Even though my kids will eat anything, they still have preferences. Which, occasionally, conflict with mine...and roast beef sandwiches are one of those conflictions! So we compromise when we have them, make everyone happy, and give the participants the opportunity to change sides with each meal!
Roast Beef Sandwiches
1 3-4 pound chuck roast
1 envelope onion soup mix
1 can cream of mushroom soup
1 soup can coffee
2 cups sliced onions
1 jar Cheese Whiz
Optional: 1 batch homemade sandwich buns
Pour a couple of tablespoons of olive oil in a dutch oven/heavy covered roasting pan. Let it get hot, then brown the roast on both sides. Sprinkle with the onion soup mix, then spread the cream of mushroom soup over that. Pour in one soup can of coffee. Bake in a 325 degree oven for about four hours until fork tender, adding additional water if needed.
For the adults: When the roast is done, remove it to a plate and tent with foil. Melt four tablespoons butter in a heavy saucepan, add the onions and saute over medium-low heat, stirring occasionally. Stir one tablespoon cornstarch into 1/2 cup COLD water, then stir that into the leftover juice from the chuck roast in the roasting dish. Heat to boiling, to thicken.
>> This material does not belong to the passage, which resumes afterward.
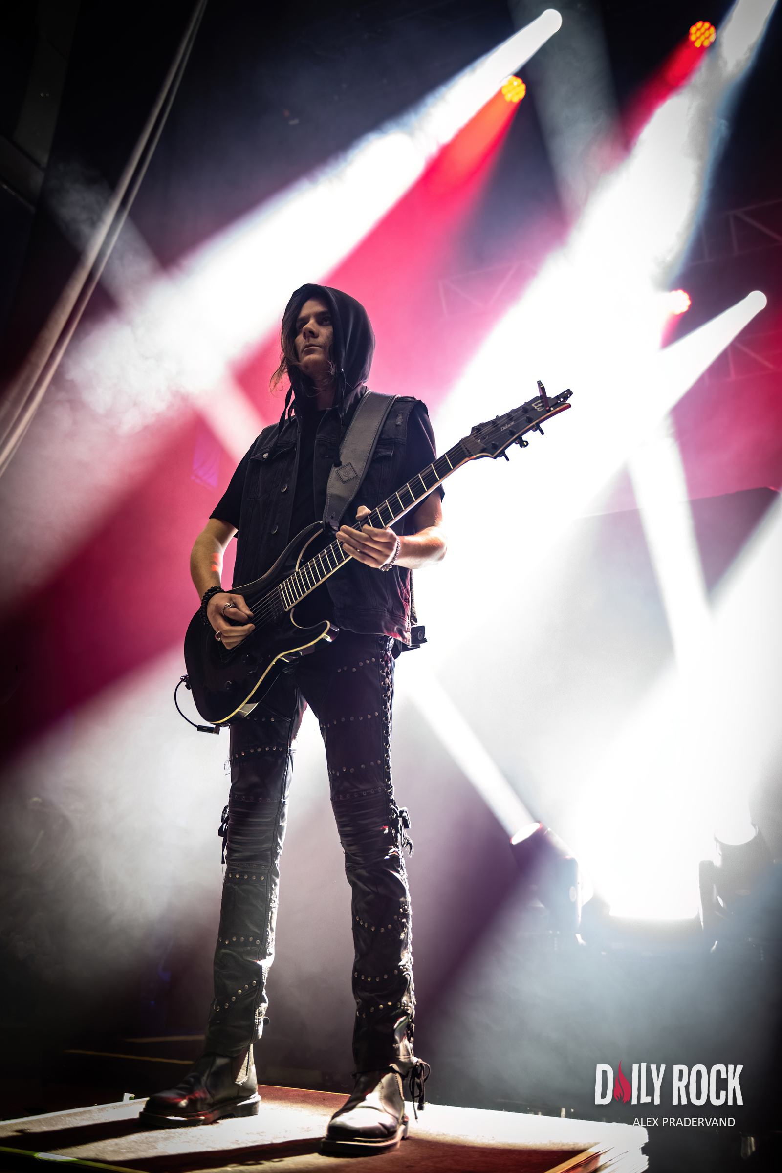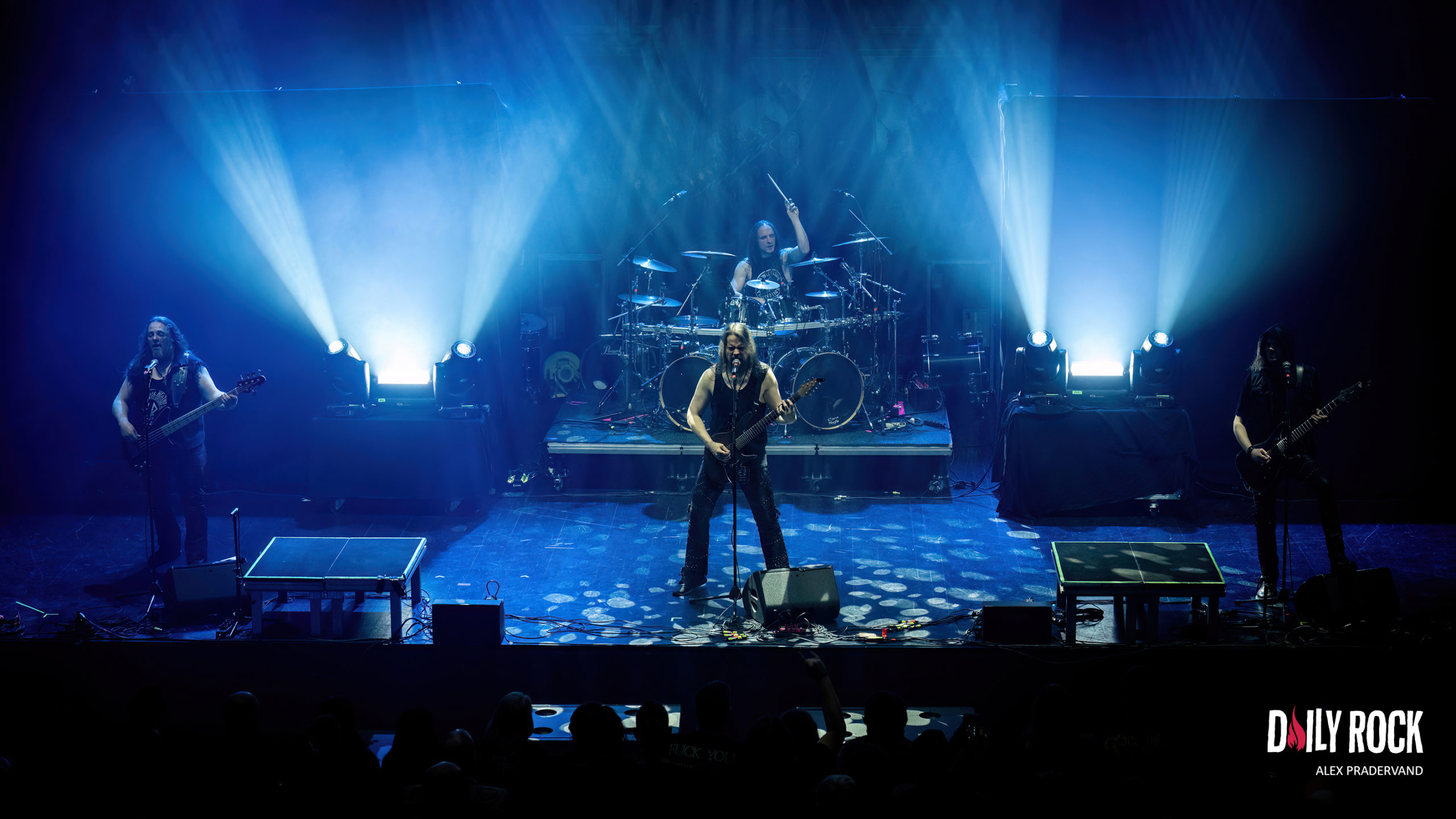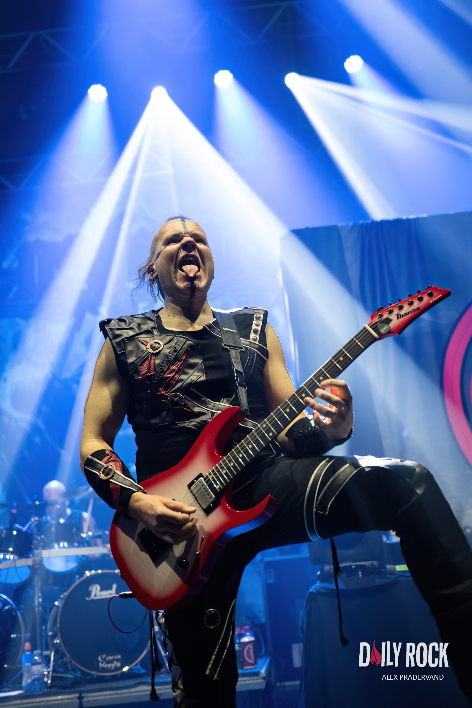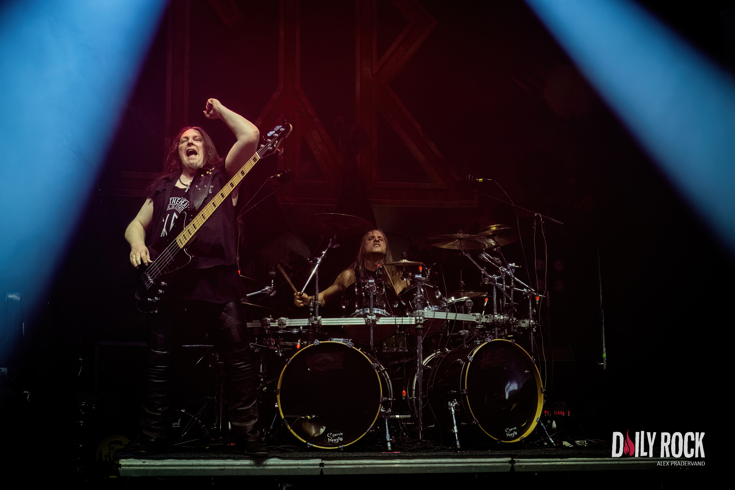 Celles et ceux qui n’avaient pas pensé à prendre leur épée et leur cape en fourrure au bureau devront faire la soirée sans, comme moi, mais ça n’empêche pas d’apprécier Elvenking, le premier groupe, du power metal italien s’inspirant de la fantaisie (elfes, magie, druides…). Ce qui empêche d’apprécier Elvenking, par contre, c’est un problème technique pour un demi-morceau sans son – ce qui a permis de nous prouver, au moins, que le groupe ne joue pas en playback, si jamais on avait un doute. Ils sont très compétents, carrés, charismatiques, et jouent avec le public avec une belle aisance. On ressent leur bientôt 30 ans de carrière. Le public est certes parsemé mais a du répondant, ce qui annonce du bon pour la suite.

To serve, spread buns with mayonnaise, top with shredded beef and then sauteed onions. Use roasting juice for dipping.
For the kids: Pile roast beef on bottom half of bun. Spread the top half with a liberal tablespoon of Cheese Whiz (these are mini-buns, regular ones take a little more), top sandwich and wrap in a paper towel. Microwave for 20-30 seconds, so that the Cheese Whiz oozes down into the roast beef.